How Estonia tackled security flaws in its ID cards

By Shirley Tay

Liisa Past, Estonia’s former Chief National Cyber Risk Officer, shares with GovInsider the biggest lessons learnt from her tenure.

Image: Liisa Past/by Arno Mikkor

Millions of Americans are heading to the polls ahead of the November presidential elections. Lines have reportedly lasted up to 11 hours while the country battles its third wave of infections - again bringing back the case for online voting.

Estonia’s i-voting system has been a model for many, with 44 per cent of Estonians voting online. Its eID is the backbone of online voting and many other digital government services - but was severely tested in 2017 when a security fault was detected in about 800,000 ID cards.

GovInsider spoke to Liisa Past, Estonia’s former Chief National Cyber Risk Officer, to find out how her team tackled security flaws in the ID cards, and the biggest lessons learnt from her tenure in government.

A team of ‘cowboys’ with a common goal

Past was Chief Cybersecurity Research Officer of the Estonian Information System Authority (RIA) when the security flaw in the eID cards was first detected in August 2017.

Her team members then were not the most typical of civil servants, she says. “There might have been many people who saw us as some sort of cowboys. Instead of being very careful and sort of like, ‘maybe we won't make the right decision’, we were very much focused on getting things done, building a view of security.”

The RIA found out that the cards issued since 2014 had a security flaw in its hardware, says Past. It “wasn’t of our making,” she adds, but an algorithmic flaw in the keys provided by German manufacturer Infineon. That could allow hackers to access sensitive information of the users by stealing their digital identity.

Fixing the eID cards was a “race against time”, she says. Her team had to understand the vulnerability and tackle it before it could be exploited. In the months before her team released a security update to the ID cards, the vulnerability was “an existential threat”, Past adds.

But what made it special was that her team “wanted to get things done”, she says. “It would have been so easy to say, ‘This is a supply chain issue down the line, and everyone else has caused it.’”

“But instead we said, ‘we need to fix this. And we need to fix it for us,’” Past says. “That willingness to make decisions rather than stay safe was just an incredible experience.”

Estonia eventually released an update to the affected cards in October. There were no known cases that the security flaw was exploited, it said.

It was all about having each other to rely on, Past says. “The moment you don't have an equal sparring partner who would call you out is when you become less effective at your job.”

Bottom-up communities of trust

As the Internet and tech space grows increasingly competitive, a top-down, global understanding of cybersecurity is no longer realistic, says Past.

“What's happened internationally often is that everyone declares their appetite for collaboration and information sharing. But there's almost a point where there's sort of collaboration fatigue,” she adds.

Knowing that a global treaty on the Internet is not likely to emerge anytime soon, countries have to “start on the operational level”, Past says. That involves sharing actionable insights, and building communities of trust from the bottom-up.
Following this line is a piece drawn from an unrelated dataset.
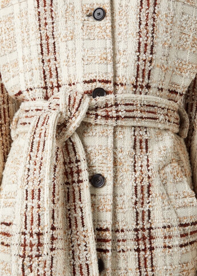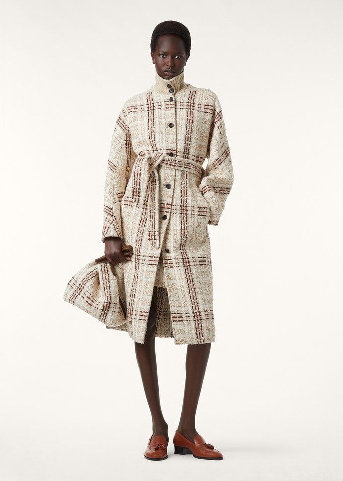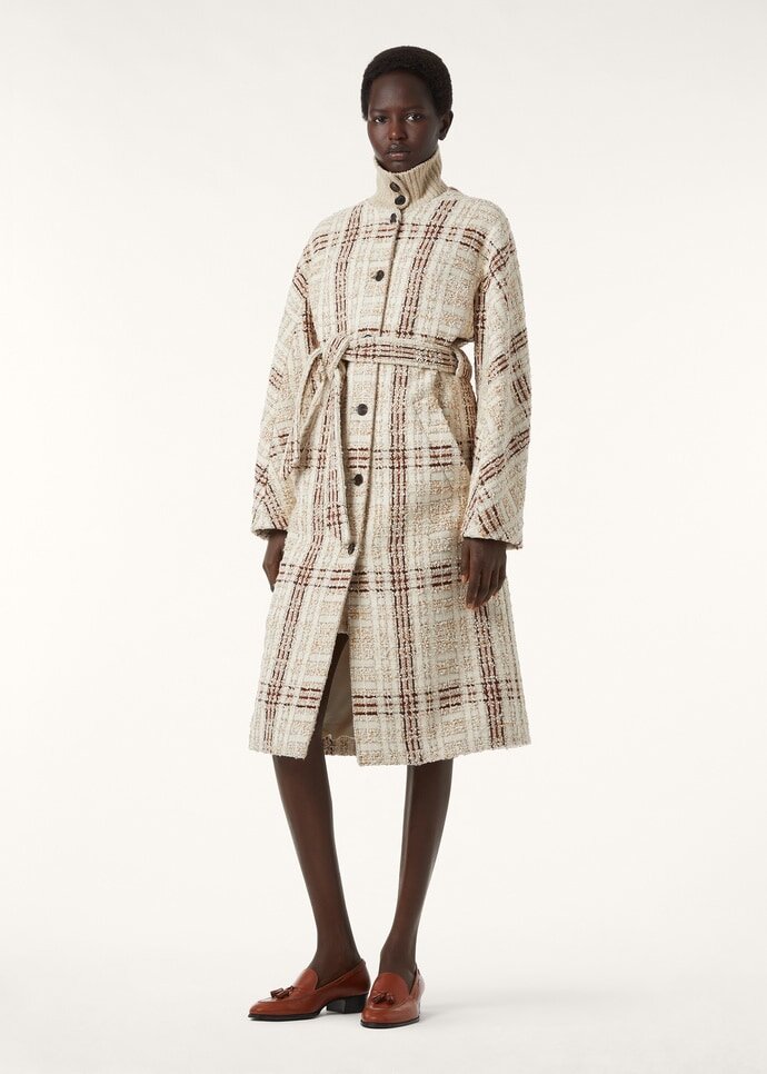A heritage-steeped tartan pattern enlivens the Syd coat, rendered in a classic tweed fabric with touches of precious cashmere and silk. The standing collar offers a subtle tactile contrast, while the matching belt, which fastens through wide loops, cinches the silhouette.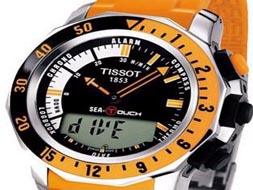 戴上這款表,全世界的人都會知道你是個潛水愛好者,搶眼的熒光桔黃、blingbling銀雖然在五彩斑斕的水下世界中并不搶眼,但在以黑白灰見長的男人群中實屬高調亮相。除此之外,以“觸控”技術享譽腕表界的天梭也沒讓潛智系列成為例外,在用食指一下一下觸碰表盤的時刻,你不但獲得了潛水深度、下潛速度、萬年歷日期、指南針、雙時區、數字式讀秒計時、響鬧、以及溫度測量等信息,同時再次成為身邊所有人目光的聚焦點,你是位初級潛水發燒友兒的信息將會準確而完整地傳達給每個人。

The Baltic nation has made a strategic choice to be “aggressively open and transparent”, she says. The RIA has published an online document and held an international conference to share lessons learnt from the 2017 eID vulnerability.

Estonia has also openly shared about the wave of cyberattacks that targeted its critical infrastructure back in 2007, she says. It was sparked by the movement of the Bronze Soldier, a Soviet-era war memorial.

Information sharing “highlights the threat for everyone else, but it also shows the value of international cooperation and the value of openness,” Past says. Though intelligence sharing centres exist, “a lot more work needs to be done”.

Advice for future cyber risk officers

Past is now head of cyber security business development for Cybernetica, an Estonian ICT company. She had two words when asked for a piece of advice she would give to Estonia’s future Cyber Risk Officers: “play nice.”

The job is a collaborative one, she says, due to the very nature of cybersecurity. The field is often “over-mystified” and seen as a technical area. “It's zeros and ones, and cables, and men with hoodies who don't talk to people.”

That mysterious stereotype was “constructive” earlier when the industry was developing, Past says, because it “got the management off the backs of the innovators”. But cybersecurity is “now an increasingly communicative and human-focused industry.”

“‘It's technical’, ‘you won't understand’, might have been acceptable answers 10 years ago. But it shouldn't be an answer anymore,” she says.

Estonia has made huge advances in its push to create digital government services. As nations across the world accelerate digital transformation, Estonia’s efforts in e-government offer valuable lessons to learn from.